The government has also devised means to protect and secure the rights and economic interests of inter-State and intra-State migrant workers by mandating a strict regulation of their employment and conditions of service. Similarly, the rehabilitation of working children in labour endemic districts has been undertaken at a war footing under the National Child Labour Project Scheme (NCLP), thus ensuring expeditious withdrawal of children from hazardous work environments and their smooth transition into special training centers, where they are provided with bridge education, vocational training, mid-day meals, stipend, health-care facilities, etc. and are finally mainstreamed into the formal education system.

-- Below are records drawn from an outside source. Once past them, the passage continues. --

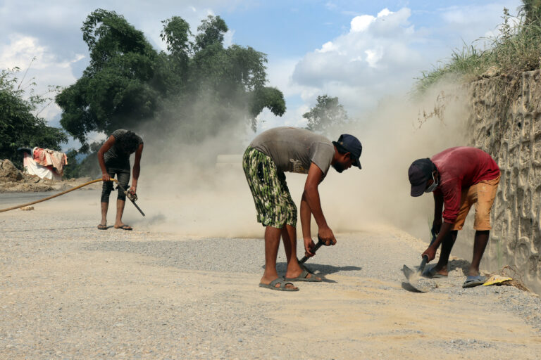 ‘काठमाडौँ,२४ भदौ । गल्छी–त्रिशूली–मैलुङ–स्याफ्रुवेशी–रसुवागढी सडक योजना’ मार्फत निर्माण भइरहेको नुवाकोटको बेलकोटगढी–८ स्थित जिलिङ क्षेत्रमा सडक कालोपत्रे गर्न धुलो हटाउदै मजदुर । अन्तरराष्ट्रिय नाका रसुवागढी जोड्न उक्त योजनाको ८३ किमि सडक निर्माणमध्ये ६ वर्षमा ५५ प्रतिशत काम सम्पन्न भएको छ । तस्बिर : रामहरि न्यौपाने /रासस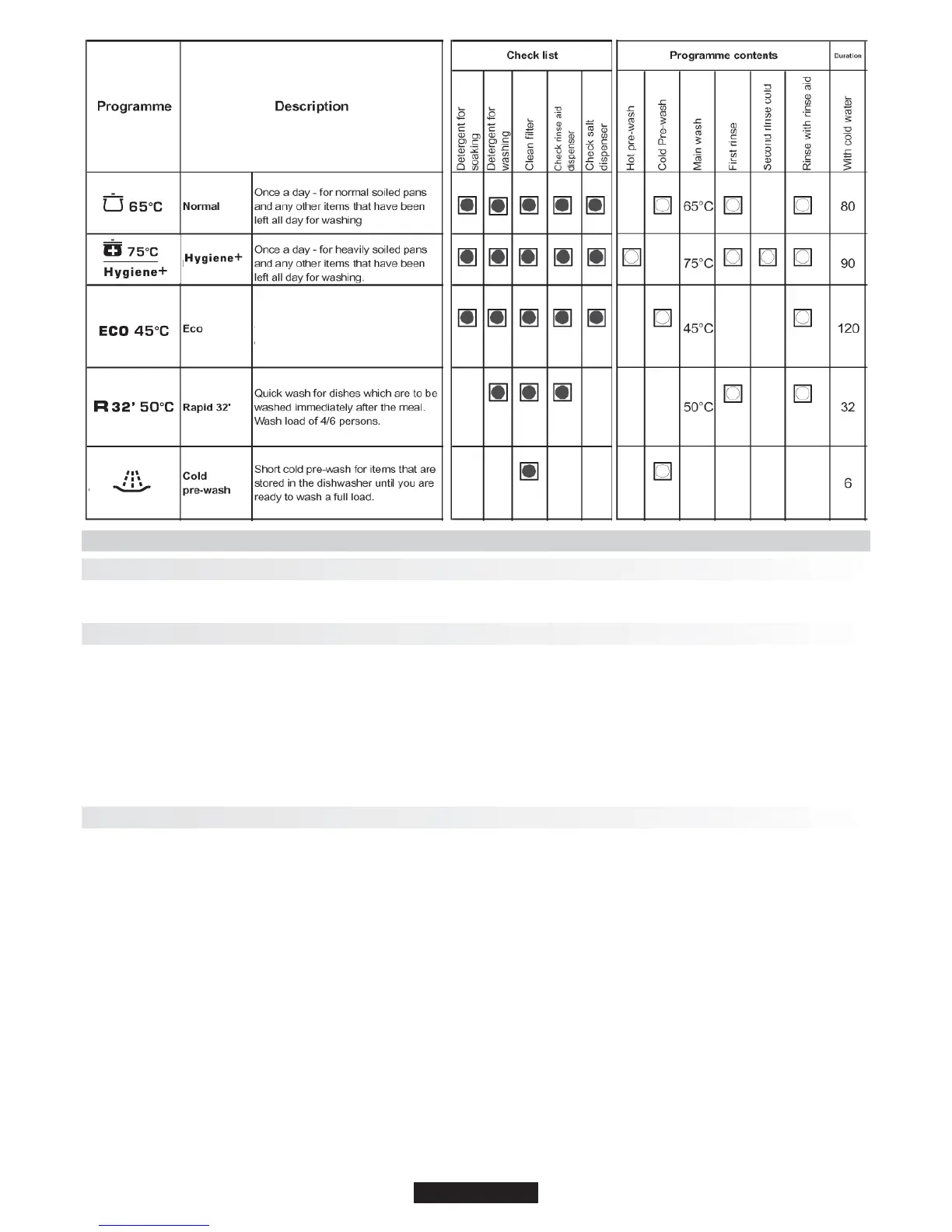 - To carry out a wash programme with a full load of dishes load the machine correctly after each meal and do a cold pre-wash between
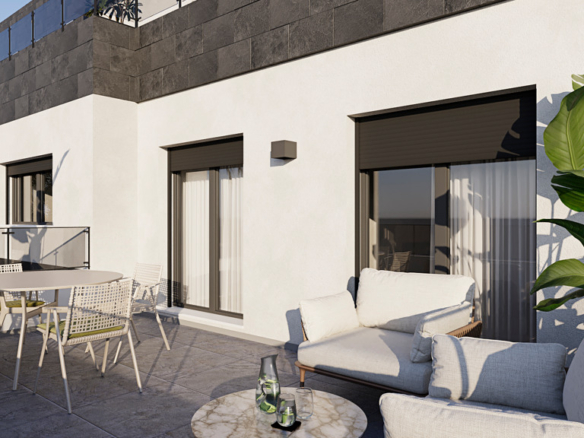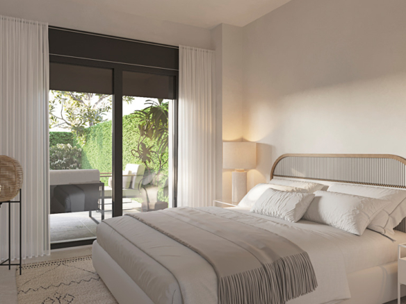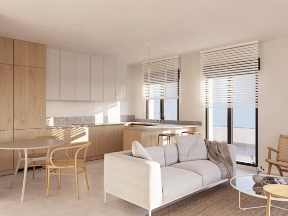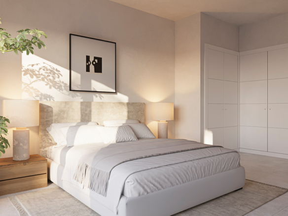 Interiors feature natural materials, soft ivory palettes, and rounded lines that convey warmth and serenity. Ground-floor homes offer elevated private gardens ensuring privacy, while the exclusive penthouses boast panoramic terraces perfect for unforgettable sunsets. The layouts prioritize natural light, visual connection with the landscape, and flexibility: three adaptable bedrooms, two full bathrooms, and a guest toilet for added comfort.

The government’s flagship National Social Assistance Programme (NSAP) encompasses five different schemes, each ensuring disbursal of adequate economic security to disparate deprived groups. While the Indira Gandhi National Old Age Pension Scheme (IGNOAPS) provides monthly pension to BPL (Below Poverty Line) 60 plus senior citizens, the Indira Gandhi National Widow Pension Scheme (IGNWPS) entitles monthly financial security to widows of the 40-59 years age group. Similarly, the Indira Gandhi National Disability Pension Scheme (IGNDPS) secures the group of persons afflicted with severe and multiple disabilities by providing monthly assistance. BPL households suffering untimely loss of their breadwinners are also provided with lump sum assistance under the National Family Benefit Scheme (NFBS). The destitute senior citizens, who, though eligible, remain uncovered under the IGNOAPS, are being socially secured through the Annapurna scheme, under which food grains are provided free of cost every month. And the icing on the cake is the Atal Pension Yojna (APS), which solicits contributions from citizens in the 18 to 40 years age group in order to render them eligible for receiving different monthly benefits automatically into their Pradhan Mantri Jan Dhan Yojana (PMJDY) bank accounts, after they have reached the age of 60 years.

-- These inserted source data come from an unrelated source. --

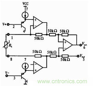 測量300℃的傳感器用Pt1000的鉑電阻,測量范圍:-50~300℃:0℃時(shí)電阻阻值1 000 Ω,300℃時(shí)電阻阻值2 120.515 Ω,反映溫度的物理量是電阻,因此需要設(shè)計(jì)電橋?qū)㈦娮璧淖兓哭D(zhuǎn)換位差模電壓的變換量,然后進(jìn)行信號放大和電平抬升。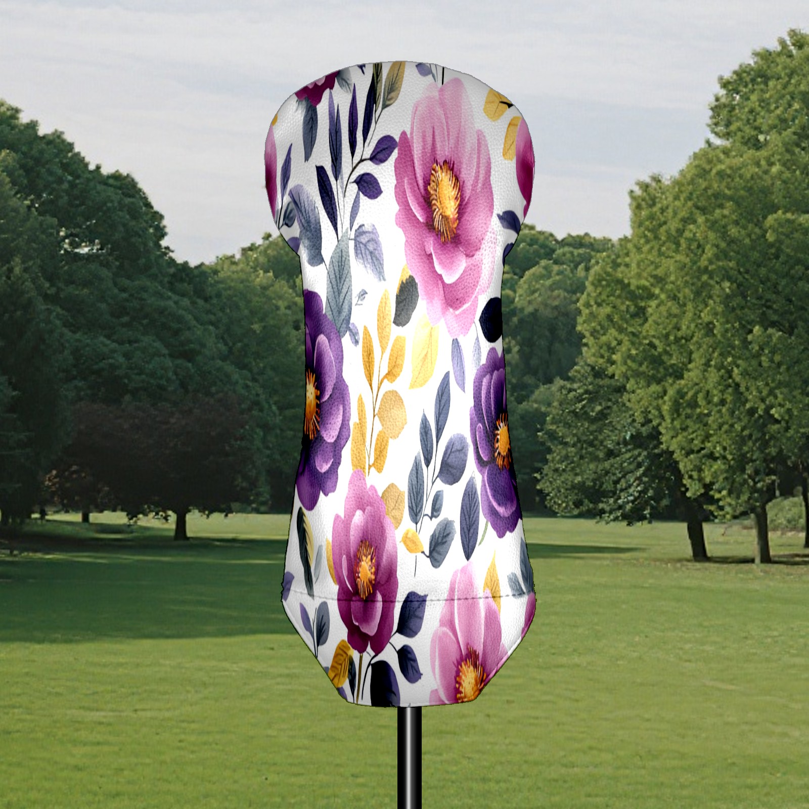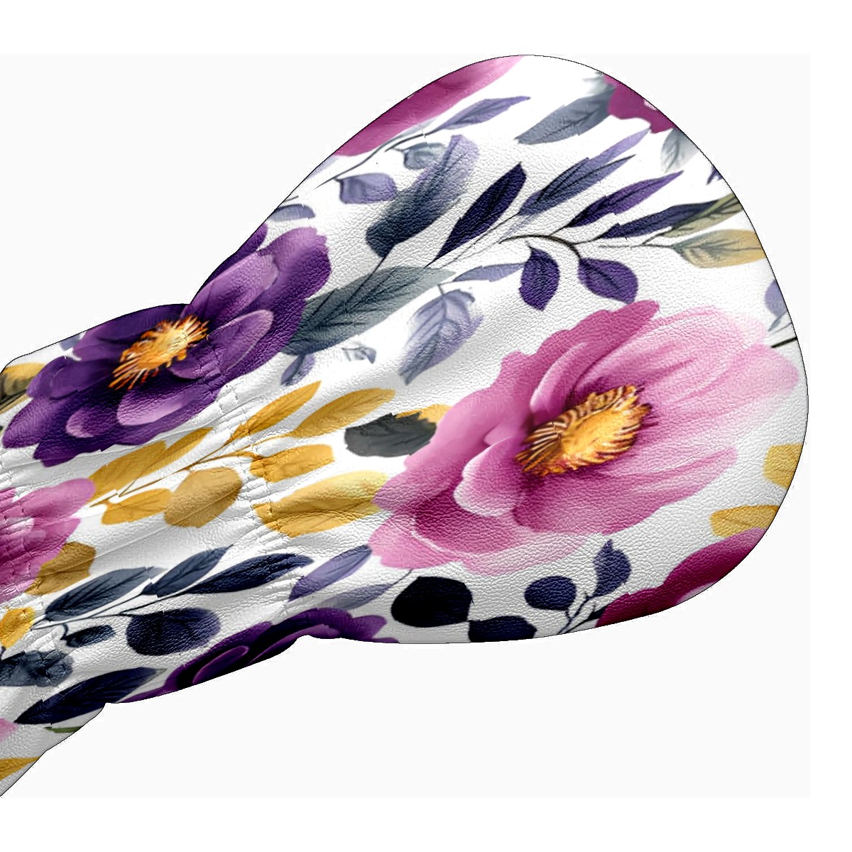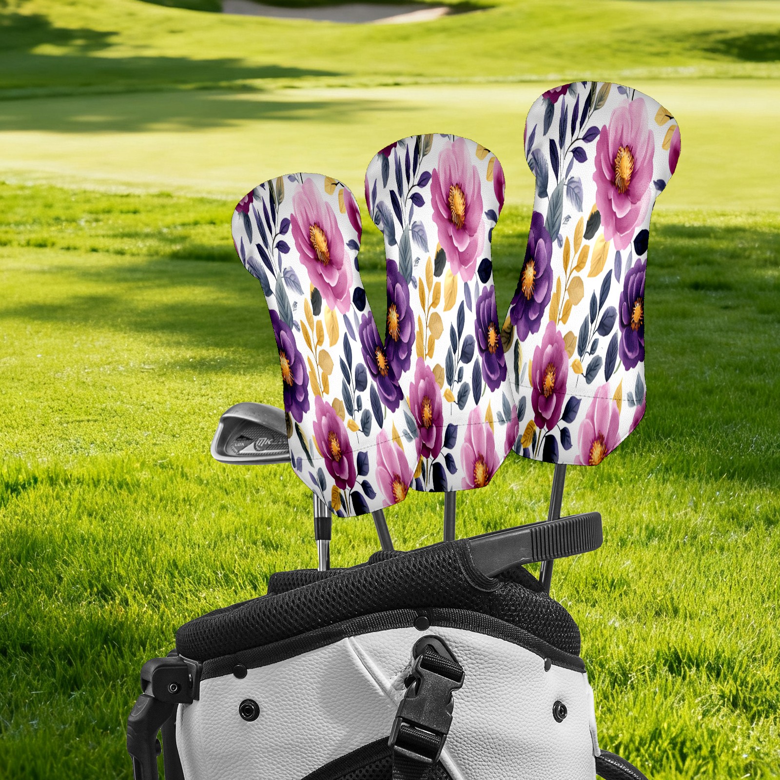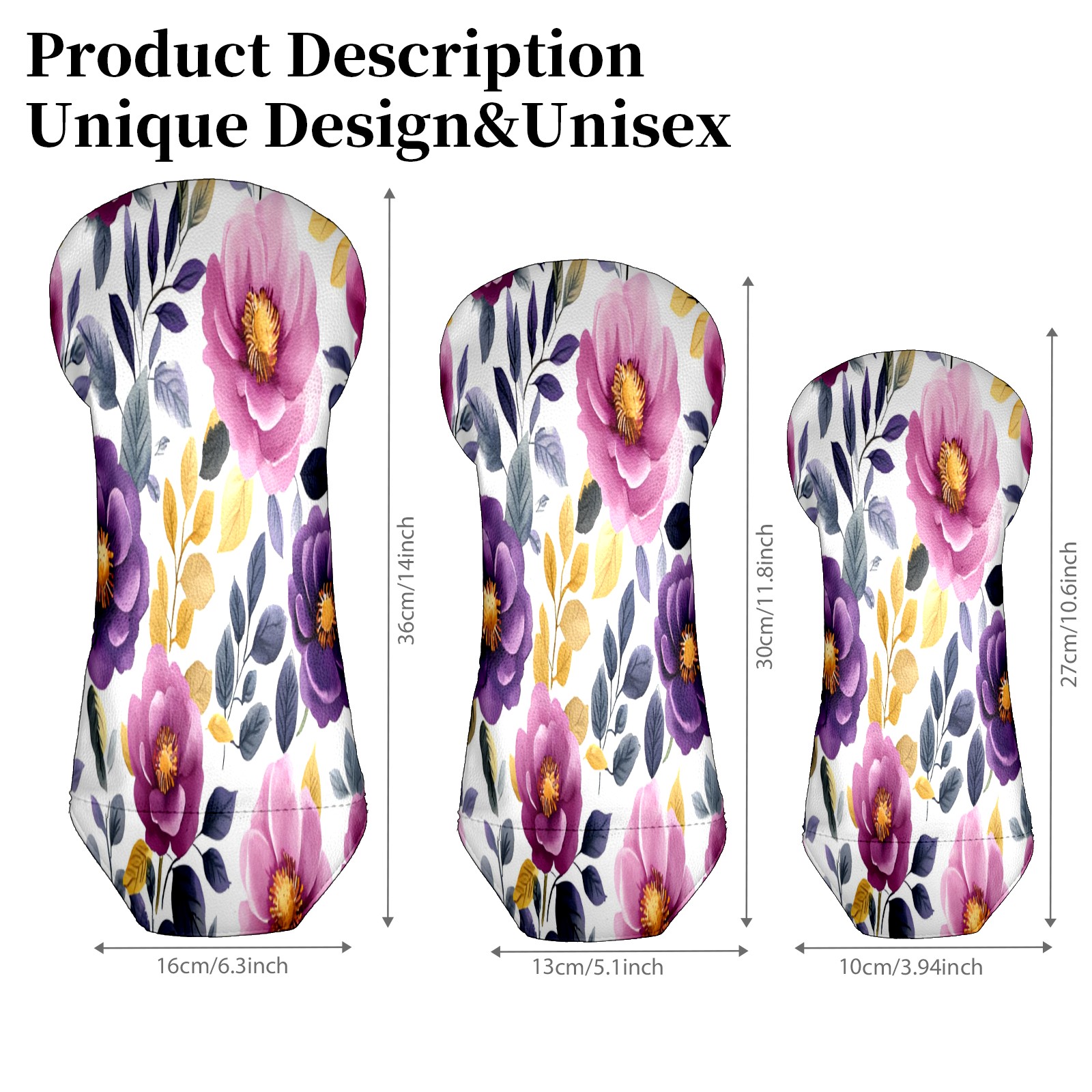 Funny Purple Flowers Golf Head Covers for Driver, Fairway, Hybrid & 3 Wood Premium PU Leather with Soft Velvet Lining Waterproof & Scratch-Resistant Unique Golf Gift for Men & Women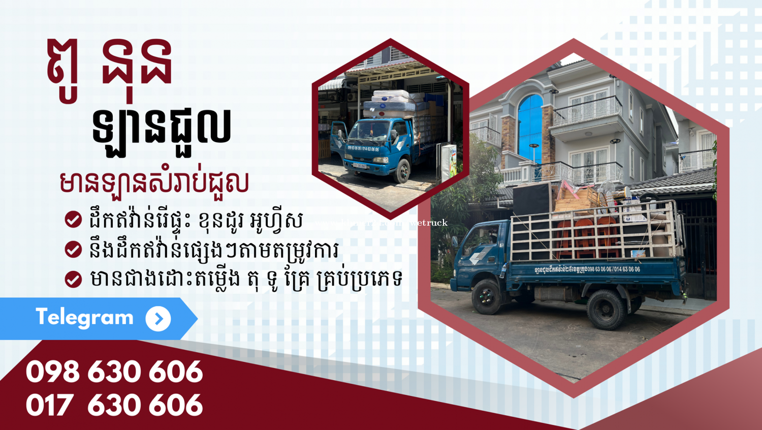 មានឡានសម្រាប់ជួលដឹកឥវ៉ាន់ រើផ្ទះ ខុនដូរ អូហ្វីស ឬ ដឹកឥវ៉ាន់ផ្សេងៗតាមតម្រូវការ។ Tel 098630xxxClick To Call 017630xxxClick To Call Telegram t.me/wetruck24 We have large and medium trucks for rent to move goods, move houses, move offices, and other materials, and transport them to 25 provinces and cities.

Enhanced and compulsory provisioning of social security benefits has begun assuming greater significance with governmental benevolence reaching its zenith after the latest historic announcement of a never before insurance cover of as much as Rs 5 lakhs each for a hundred million poor and vulnerable families, the biggest such public initiative, worldwide.

Though there is no dearth of social security schemes in our country, many legitimate beneficiaries remain deprived of their benefits partly due to recurrent administrative bottlenecks and partly owing to the rampant financial bunglings and unbridled leakages. To stem this rot, the government needs proactive adoption of stricter labour law implementation strategies complemented with greater budgetary allocations, securer information technology infrastructure and easier cashless transfers to the actual beneficiaries. Public-private partnerships and symbiotic collaborations with reputed NGOs too would help to bring these schemes off the ground. Such telescopic merger of the aforesaid multi-pronged initiatives is in all likelihood, expected to provide not only a renewed acceleration to the efforts at broad basing digital literacy, as envisioned in the government’s bellwether Digital India initiative launched in 2015, but also a comprehensive panacea for all the systemic maladies and in effect, helping inculcate social empathy among all the stakeholders.